In addition to bug fixing, these improvements to the md_plot pack-age are planned:

• Close the performance gap to the R version
• Reimplementation of dip-test based on diptest R package (uni-dip is using Monte Carlo simulations to compute the p-values, but this is not the default behavior of the diptest in R)

## Python Tutorial¶

### Introduction¶

In data analysis of industrial topics such as the quality assurance of production facilities or the analysis of customer behavior, we constantly encounter univariate distributions of all kinds. From unimodal Gaussians to symmetric or skewed distributions to multimodal distributions It is of immense importance to determine the exact shape of the distribution in order to be able to select the correct further analysis steps and to be able to draw correct conclusions.
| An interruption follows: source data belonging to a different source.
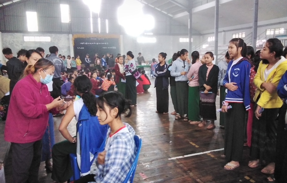 ကရင်ပြည်နယ်၊ သံတောင်ကြီးမြို့နယ် မြို့နယ်ပြည်သူ့ကျန်းမာရေးဦးစီးဌာနမှ ကျောင်းသူ/ကျောင်းသားများအား ဆုံဆို့မေးခိုင်ကာကွယ်ဆေး (DT)နှင့် သားအိမ်ခေါင်းကင်ဆာ ကာကွယ်ဆေး (HPV) ထိုးနှံခြင်းကို ယမန်နေ့နေ့လယ်(၁)နာရီအချိန်က သံတောင်ကြီးမြို့ အခြေခံပညာအထက်တန်းကျောင်းတွင် ထိုးနှံပေးခဲ့ကြောင်း သိရသည်။
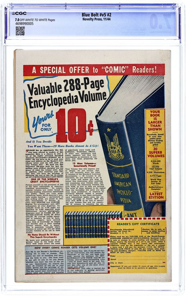 Published Nov 1944 by Funnies, Inc..Blue Bolt (1940-1949) Vol. 5 #2 CGC 7.0
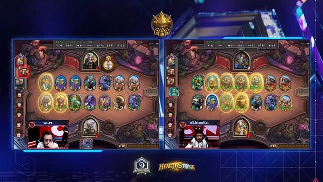 标准与佣兵模式战罢,CN赛区与AM赛区双方比分战成2:2,酒馆战棋模式的输赢决定着哪个赛区能捧起国际冠军杯的奖杯。首局比赛AM赛区前期攻势凶猛,TL.wtybill在7费回合用尤拉朵船长的挖宝技能碰出熊妈妈,TL.Slysssa也早早拿到两张管理者埃克索图斯,导致CN赛区三人迅速被抬,位于后四,好在WE.PF的光牙流派发挥稳定,决赛的时候更是拉满战力,成功击败Collins的野兽流派获得第一。第二局中,AM赛区dog的激素猪流派战力强劲,与队友TL.wtybill会师决赛并夺得第一。
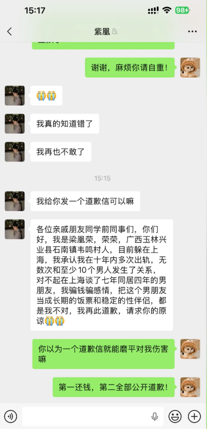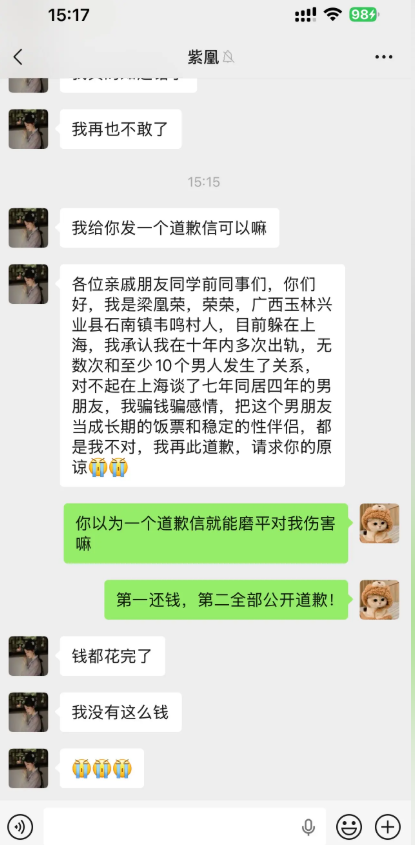 小红书员工梁凰荣七年恋爱劈腿10人哄骗男友捞金被抓当场

Of special interest is the question, whether the given empirical distribution is composed of two or more distinct subsets of data points. Such subsets give hints to the existence of different states of the data producing process, such as, for example, healthy vs. sick patients or the existence of different diseases or treatments.

Conventional visualization methods of univariate probability density distributions have problems in the distinction of uniform versus multi-modal distributions and in visualizing capped skewed distributions correctly. With the mirrored density plot, a visualization method more suit-able for these applications was postulated [Thrun/Ultsch, 2019] in the programming language R, which is now extended to python.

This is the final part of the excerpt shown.